# If you can poke a hole and take a peek into heaven



## gold4me (Mar 12, 2006)

I would have 6 golden faces looking at me.


----------



## Karen519 (Aug 21, 2006)

*Love this*

Thanks for posting this picture, I just love it.

I would have eight dogs looking back:
Honey, Cocker Spaniel
White Sox, Mix
Mimi, Bichon Frise
Gizmo, Bichon Frise
Munchkin, Samoyed
Gizmo, Samoyed
Snobear, Samoyed
Smooch, Golden Retriever


----------



## B and G Mom (Oct 29, 2014)

I love that! And I agree, lots of Golden faces looking at us...

And of course all our other breeds and mixes too.

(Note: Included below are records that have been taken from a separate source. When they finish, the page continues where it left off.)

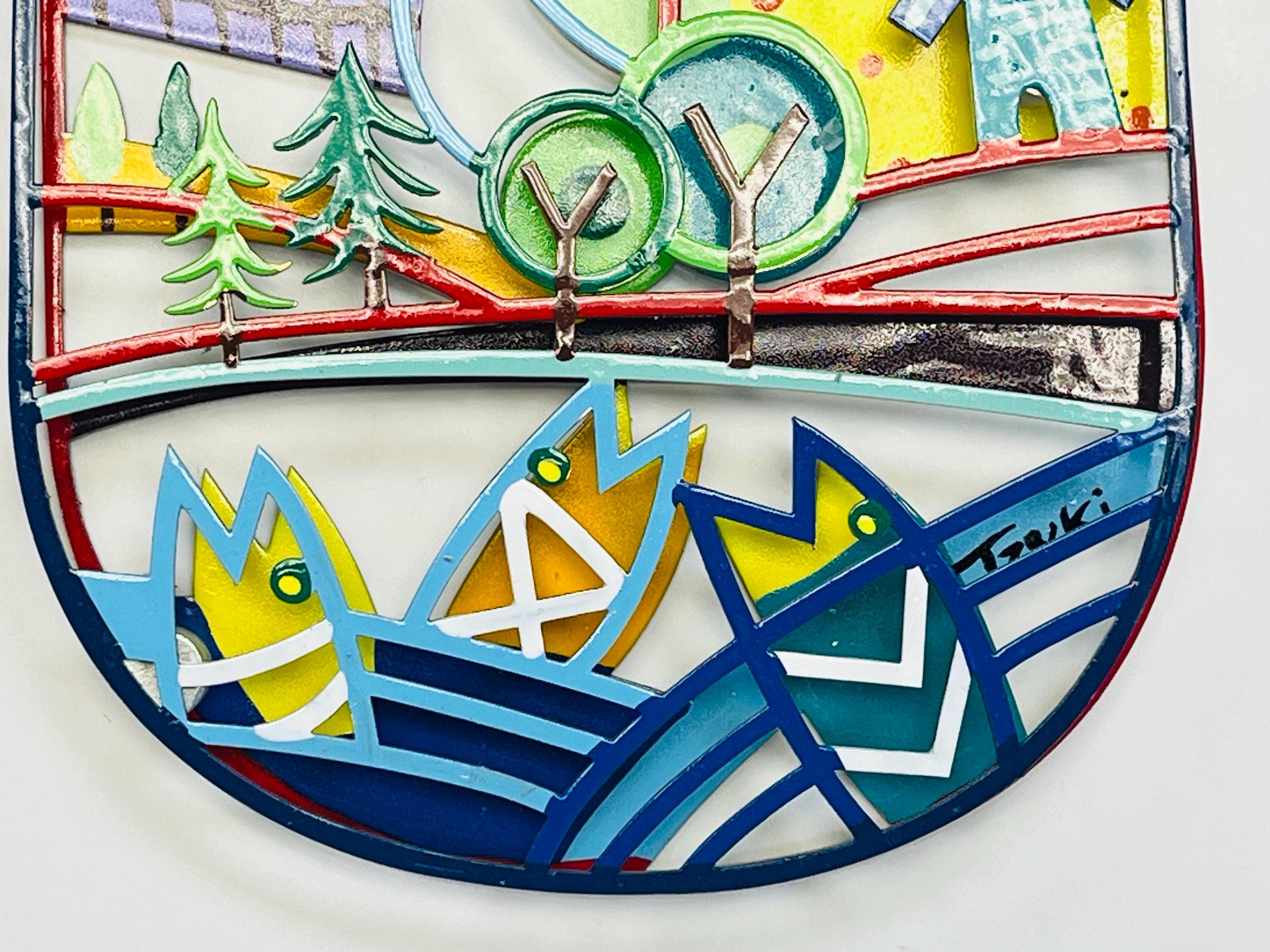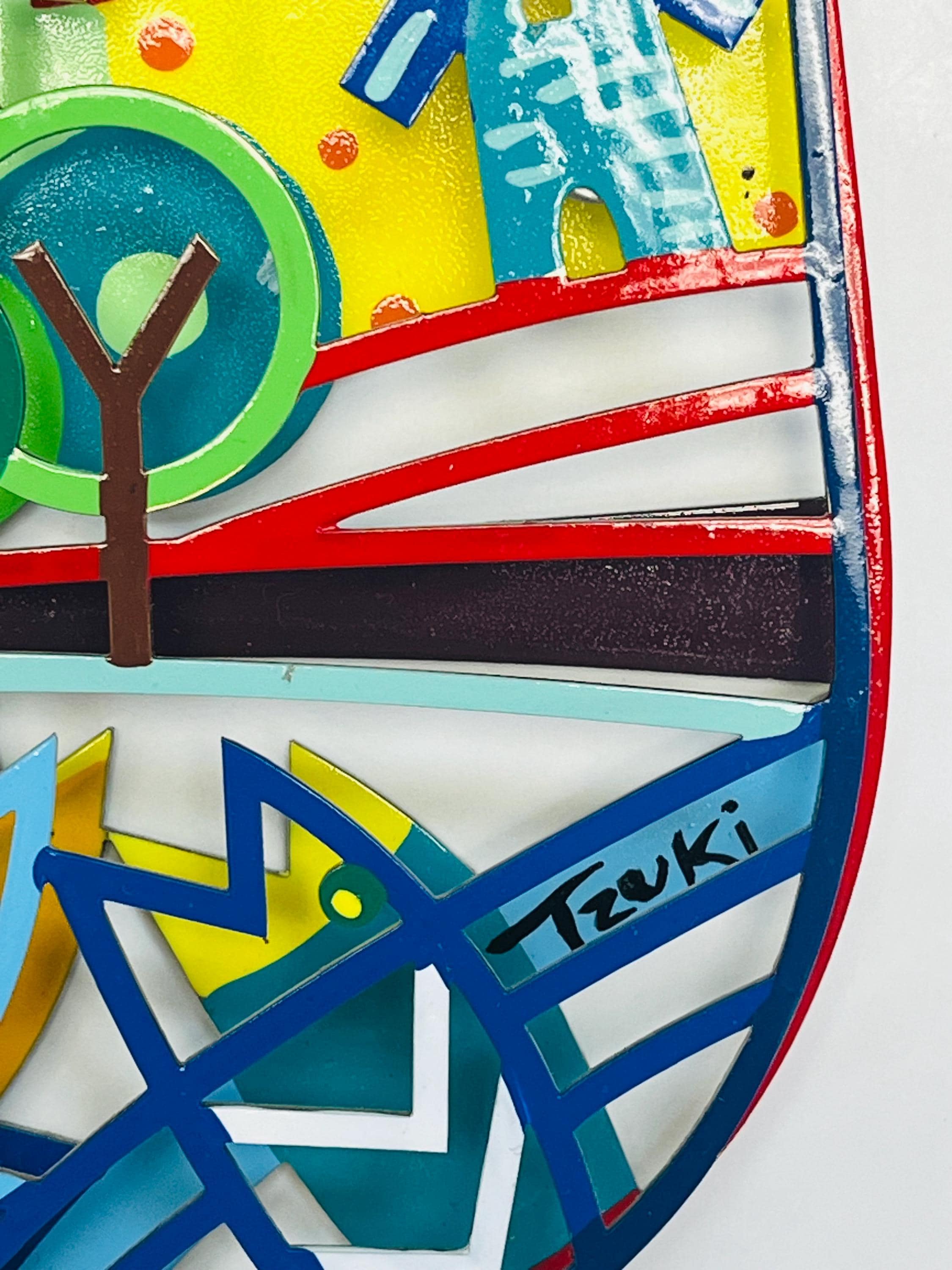 Shay Peled is the artist behind the name Tzuki Art. Tzuki's extensive collection includes unique Judaica art and modern pop art sculptures. In jewish tradition the hamsa hand is believed to bring good fortune, success or any kind of positive energy while warding off the evil eye. Made of cold rolled steel, recycled metal, which has been laser cut, galvanised, spray and hand painted.
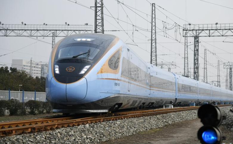 12月15日,CR300BF型“复兴号”动车组抵达中国铁路西安局集团有限公司西安动车段,担负即将开通的银西高铁旅客运输任务。
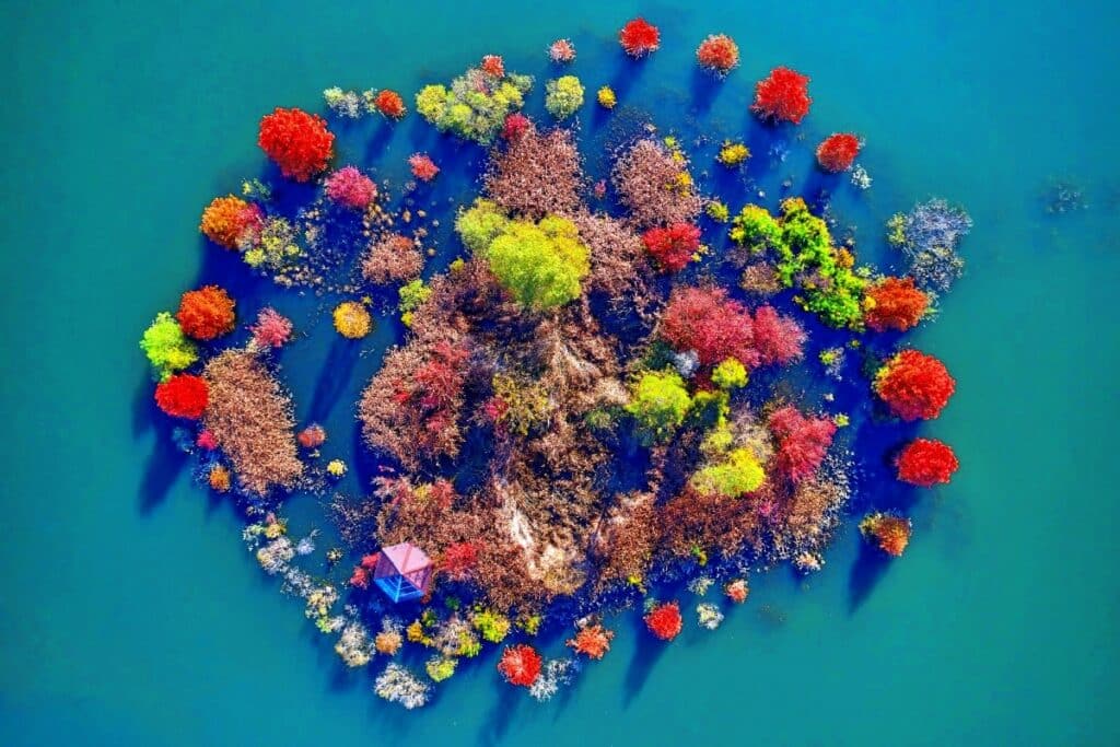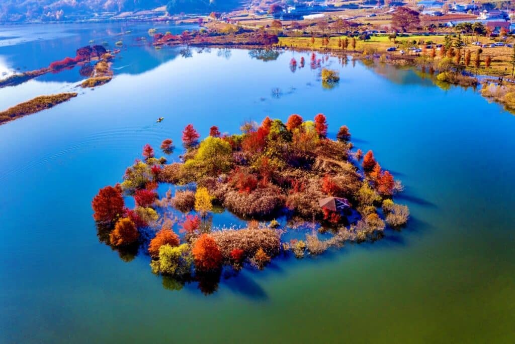 전북특별자치도 진안군에 위치한 용담호는 거대한 인공호수로, 진안의 산과 호수가 어우러져 만들어내는 가을 풍경이 일품이다.
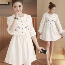 孕妇装春秋款孕妇裙 定位绣花孕妇衬衫韩版裙子可调节孕妇连衣裙
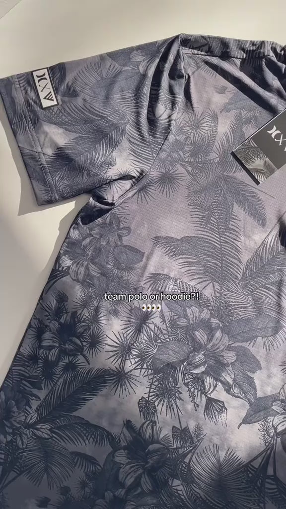 Un polo polyvalent au motif saisissant, décliné dans de subtiles nuances de noir et de gris. Confectionné en jacquard recyclé extensible, respirant et antibactérien, il dégage une allure décontractée et insulaire, idéale aussi bien sur le green qu'en bord de mer ou en soirée. * De par la nature du tissu, chaque pièce est unique et le placement du motif peut légèrement varier.
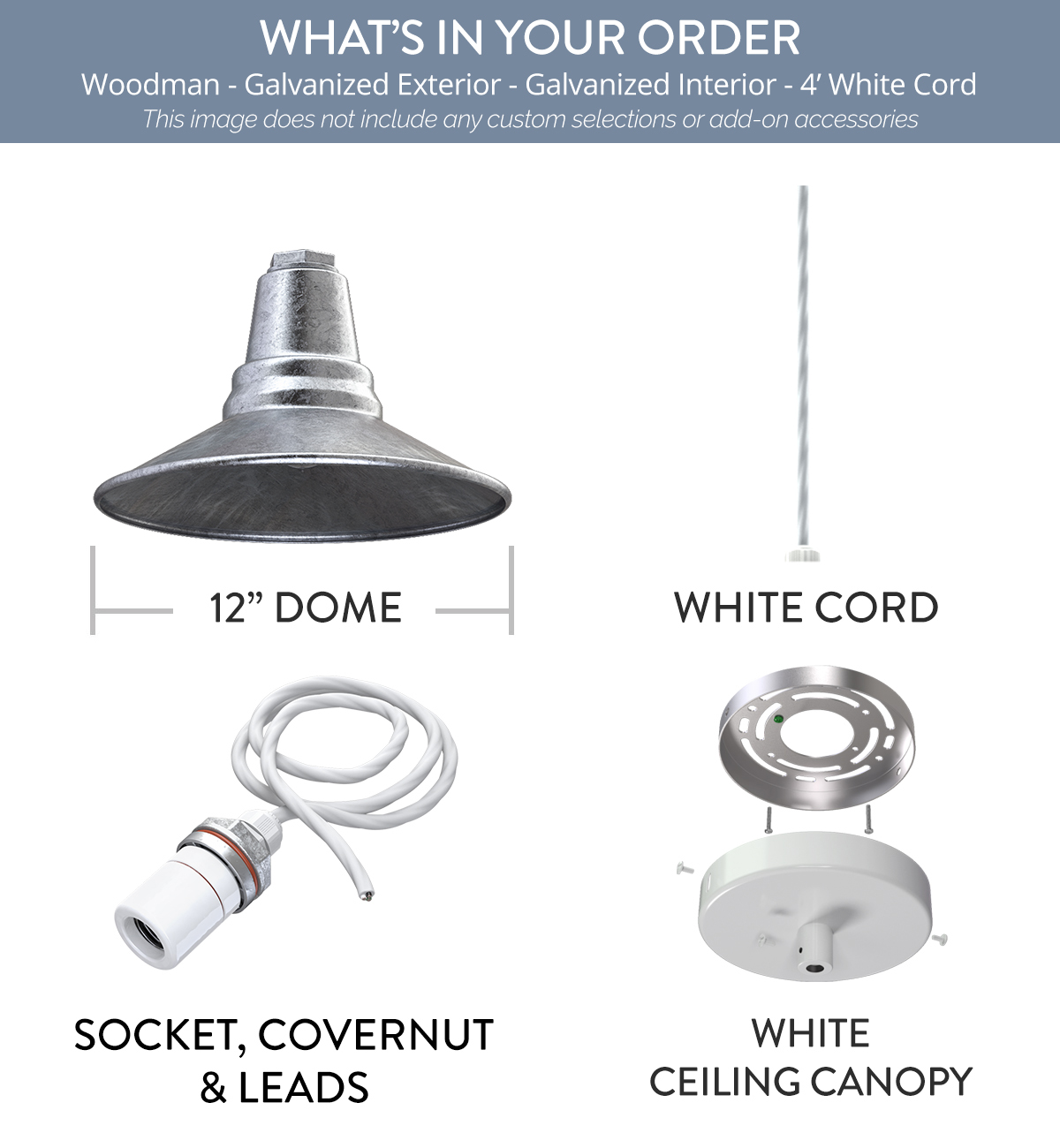 Woodman x (1) Color: Galvanized Interior Color: Galvanized Mount: 4 ft White Cord

For me Bailey, Blossom and Belle would be the Goldens - plus their good buddy Thor the Golden who I babysat for
My childhood dogs Misty, Samantha (English Setters), and Brandy (Brittany)
My mixes Ginger and Fred

And of course all my friends pups from here - heaven is the biggest "cuddle puddle" of dogs.


----------



## Otis-Agnes (Nov 24, 2015)

I've seen that picture before and every time I do, I start to tear up. Agnes


----------



## sterling18 (Oct 31, 2016)

Otis-Agnes said:


> I've seen that picture before and every time I do, I start to tear up. Agnes



I believe if we were ever allowed to visit and hold them, we would never let go.


----------